L’Italie connaît la croissance la plus rapide, dopée par les enchères de capacité de Terna (opérateur réseau) qui ont attribué plus de 4 GW de stockage pour une mise en service entre 2024 et 2028. Le pays combine un fort ensoleillement (favorable au solaire + stockage) et un réseau fragile qui nécessite des services de stabilité.
La France accélère mais reste en retard
La France a longtemps été à la traîne du stockage stationnaire. Comme le détaille notre article sur les BESS en France, les capacités raccordées ont certes été multipliées par 11 en quatre ans, mais partaient de très bas. Fin 2024, la France ne comptait que 529 MW de BESS raccordés, loin des milliers de MW du Royaume-Uni ou de l’Allemagne.
Les premiers appels d’offres BESS lancés par la CRE marquent un tournant. Ces enchères, inspirées du modèle britannique, attribuent des contrats de long terme (7 à 15 ans) qui sécurisent les revenus des opérateurs de stockage et attirent les investisseurs. RTE prévoit +6 GW de batteries raccordées d’ici 2030 en France.
Les acteurs du marché
Le marché européen du BESS est dominé par les fabricants de cellules asiatiques — CATL, BYD, Samsung SDI, LG Energy Solution — qui fournissent l’essentiel des batteries. Les gigafactories européennes d’ACC et Verkor commencent à produire, mais se concentrent pour l’instant sur le marché automobile.
Les intégrateurs de systèmes — Fluence (Siemens/AES), Tesla, Wärtsilä, Sungrow — assemblent les cellules en conteneurs de stockage de 20 pieds standardisés, avec onduleurs, systèmes de gestion thermique et logiciels de pilotage. En aval, les développeurs et opérateurs — Neoen, Total Eren, TagEnergy, Harmony Energy — financent, construisent et exploitent les installations.

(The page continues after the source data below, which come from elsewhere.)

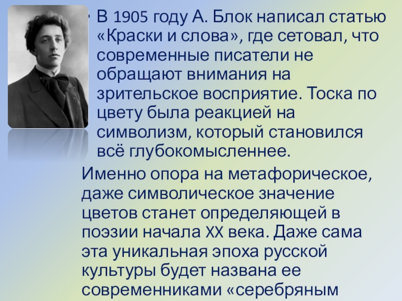 Слайд 8В 1905 году А. Блок написал статью «Краски и слова», где
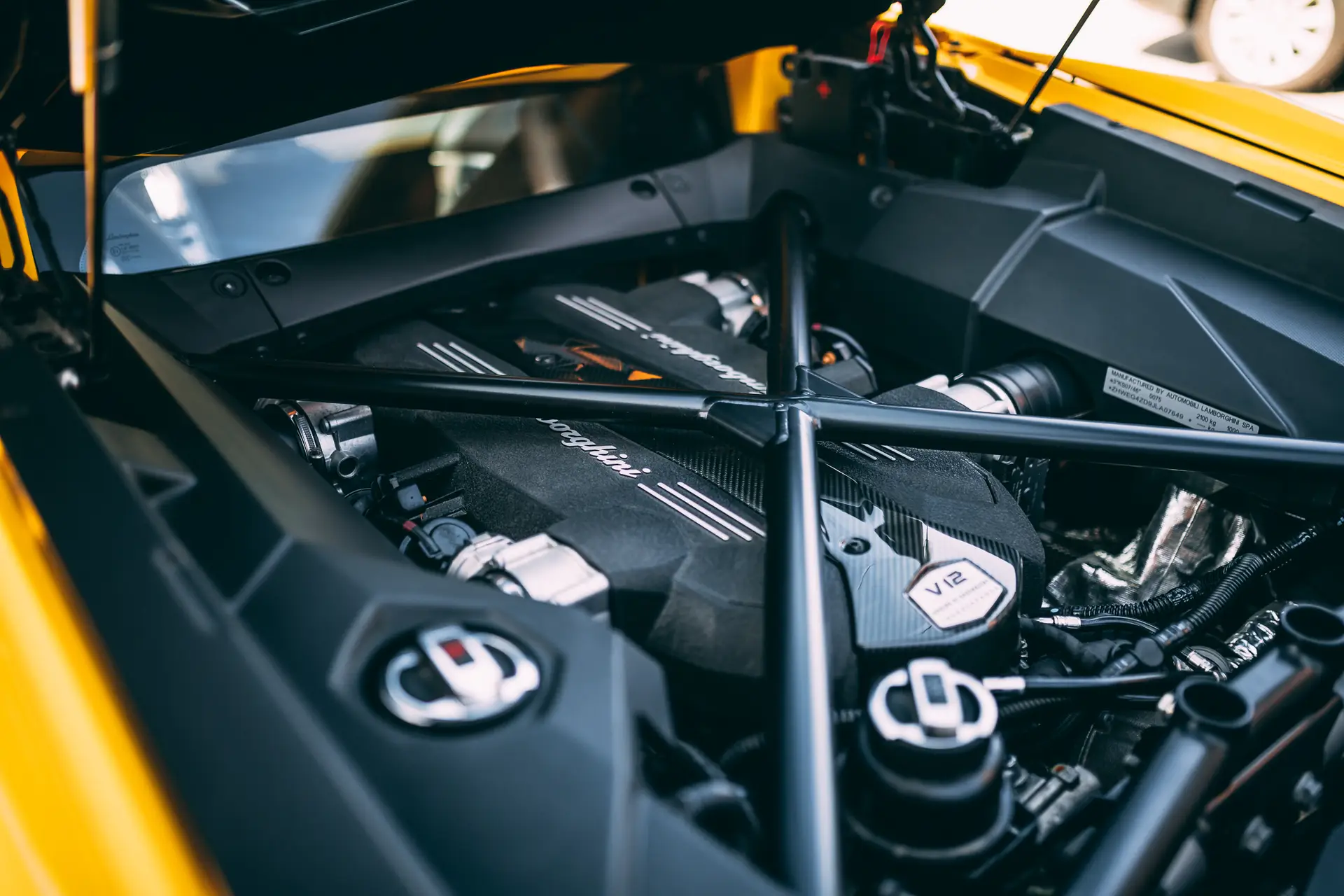 In 2017 the bull with 12 horns from Sant’Agata got its big brother, the “Aventador S” was presented. In addition to 40 hp more power and a few aerodynamic changes, another highlight was the active rear axle steering, which was used for the first time in the Aventador series. Our “S” painted in pearl effect “Giallo Orion” was delivered via Lamborghini Vienna. The list price of around € 285,000 was supplemented by the following special equipment with a value of almost € 30,000 and includes, among other things:
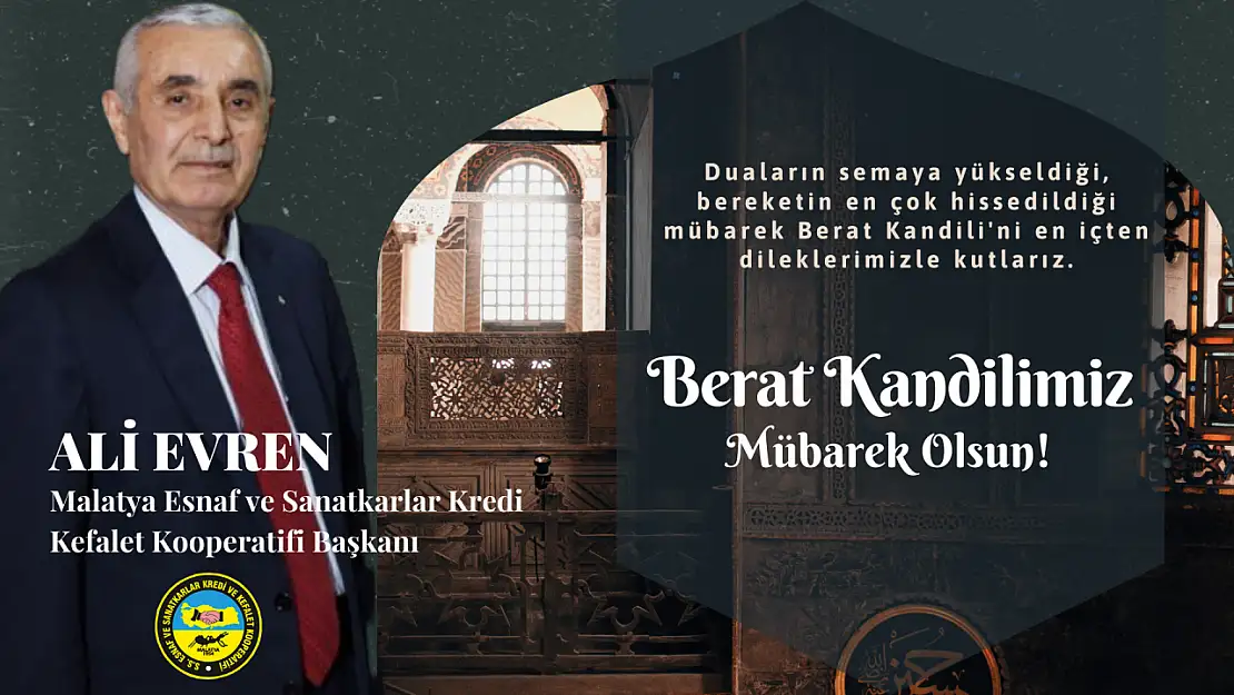 ESKKK Başkanı Ali Evren, Berat Kandili dolayısıyla yayımladığı mesajında, toplumun huzur ve barış içinde yaşaması için dua etti ve birlik beraberlik vurgusu yaptı.
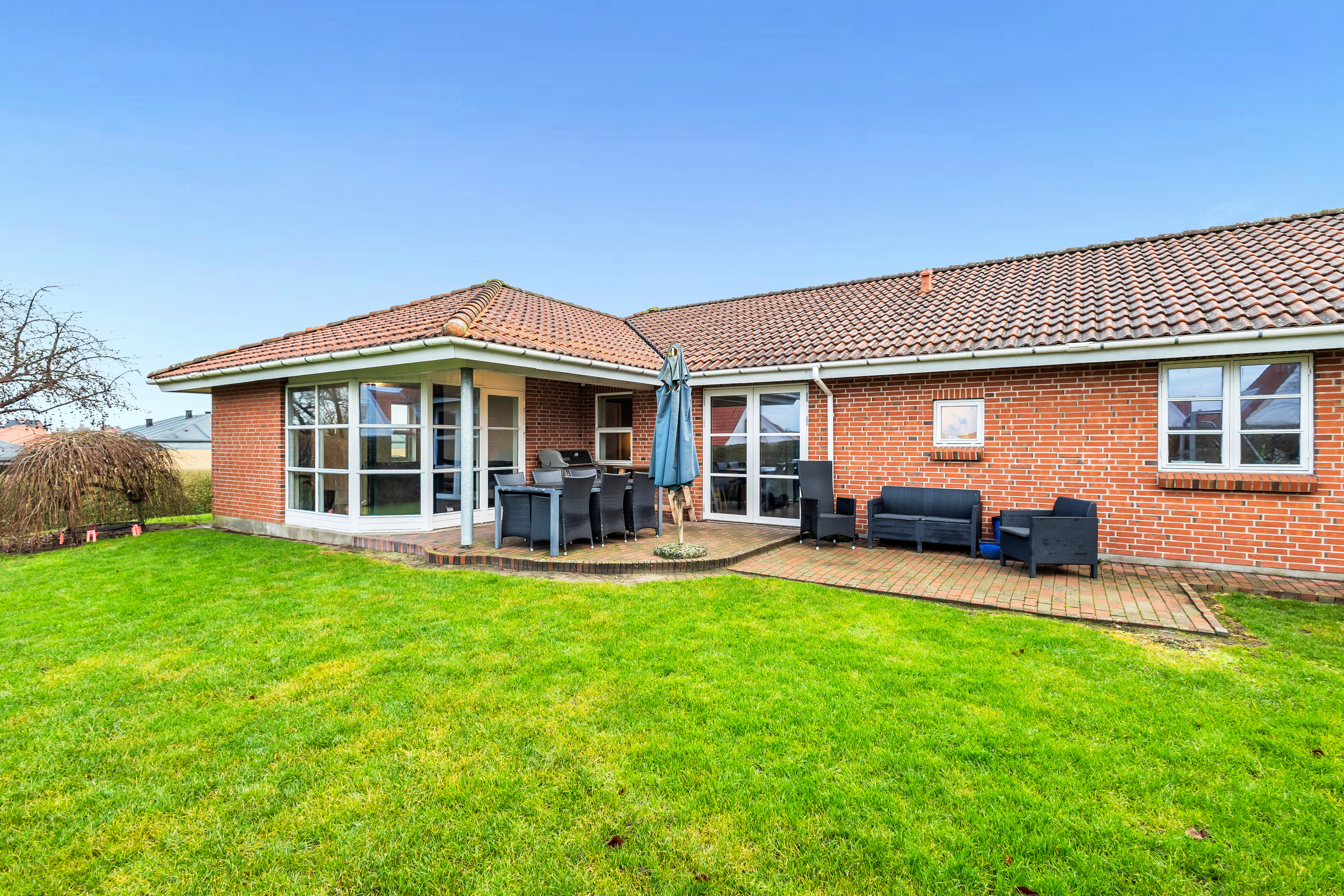 Villaen præsenterer sig med et velanlagt og overskueligt udeareal, hvor haven er holdt enkel og nem atpasse, og hvor den store terrasse – delvist overdækket – danner en naturlig forlængelse af boligens opholdsrum. Her er rig mulighed for både afslapning og fælles måltider udendørs, og et praktisk redskabsrum giver plads til opbevaring og hobbyprojekter.
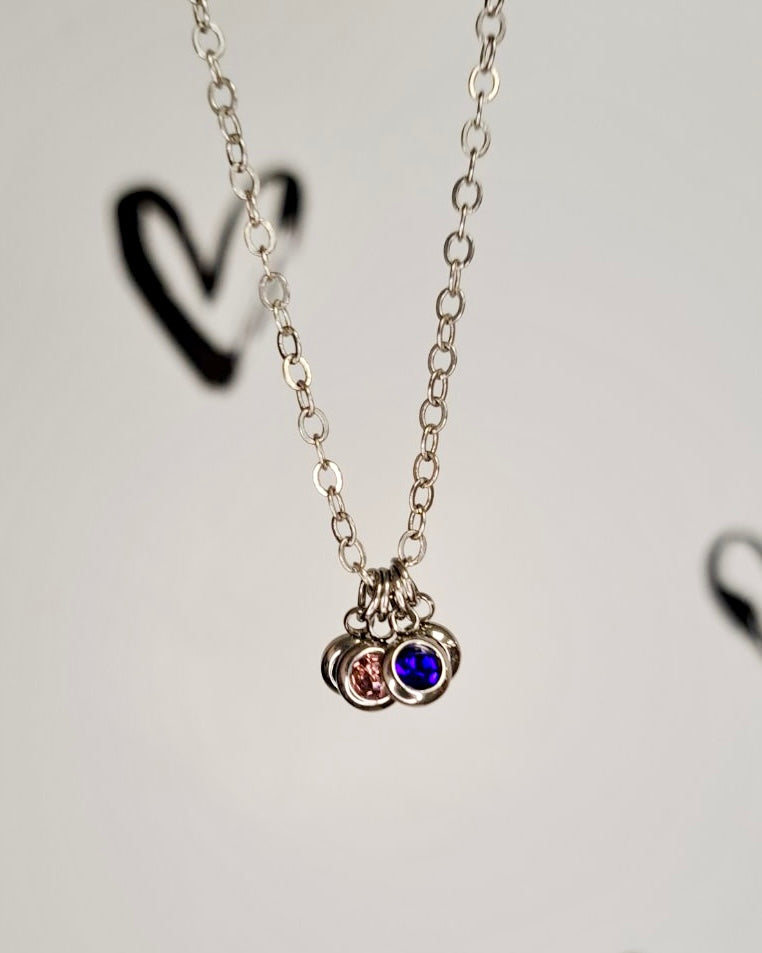Hold your loved ones close to your heart with our elegant multi-stone birthstone necklace. Each silver charm is set with a Swarovski crystal in the month of your choice. See the last image for the birthstone legend.

Les modèles économiques du stockage
Un BESS gagne de l’argent de plusieurs façons simultanées (« revenue stacking ») : arbitrage (acheter l’électricité à bas prix et la revendre à prix élevé), régulation de fréquence (services rendus à RTE pour stabiliser le réseau à 50 Hz), réserve de capacité (disponibilité garantie en cas de pointe), et gestion de congestion (soulager les lignes saturées).
L’étude EMMES 9.0 de l’EASE estime que le stockage par batteries est d’ores et déjà rentable au Royaume-Uni et en Italie, avec des retours sur investissement de 8 à 12 % par an. En France et en Allemagne, la rentabilité progresse mais reste plus incertaine, dépendant de la volatilité des prix de l’électricité et du cadre réglementaire.
Le guide BESS de Pilotable détaille les différents modèles économiques et les critères de rentabilité d’un projet de stockage stationnaire.
Vers les 50 milliards d’euros
En agrégeant les investissements en cellules, en intégration de systèmes, en infrastructure de raccordement et en développement de projets, le marché européen du stockage devrait dépasser 50 milliards d’euros cumulés d’ici 2030. Les projections les plus optimistes évoquent 100 GWh de capacités installées en Europe à cette date, soit l’équivalent de la consommation électrique française pendant deux à trois heures.
Ce marché crée des opportunités pour les industriels français, non seulement dans la fabrication de cellules (ACC, Verkor) mais aussi dans l’intégration de systèmes, les logiciels de pilotage et le développement de projets. La France, avec son mix nucléaire-renouvelables, présente un profil intéressant pour le stockage : les batteries peuvent absorber la production nucléaire excédentaire la nuit et la restituer aux heures de pointe, créant de la valeur sans émissions.
Ce qu’il faut retenir
- 27,1 GWh de nouvelles batteries stationnaires seront installées en Europe en 2025, selon SolarPower Europe.
- Le Royaume-Uni mène le marché européen, suivi de l’Allemagne et de l’Italie. La France rattrape son retard.
- Le marché cumulé devrait dépasser 50 milliards d’euros d’ici 2030, avec 100 GWh de capacités visées.
- La rentabilité repose sur l’empilement de revenus : arbitrage, fréquence, capacité, gestion de congestion.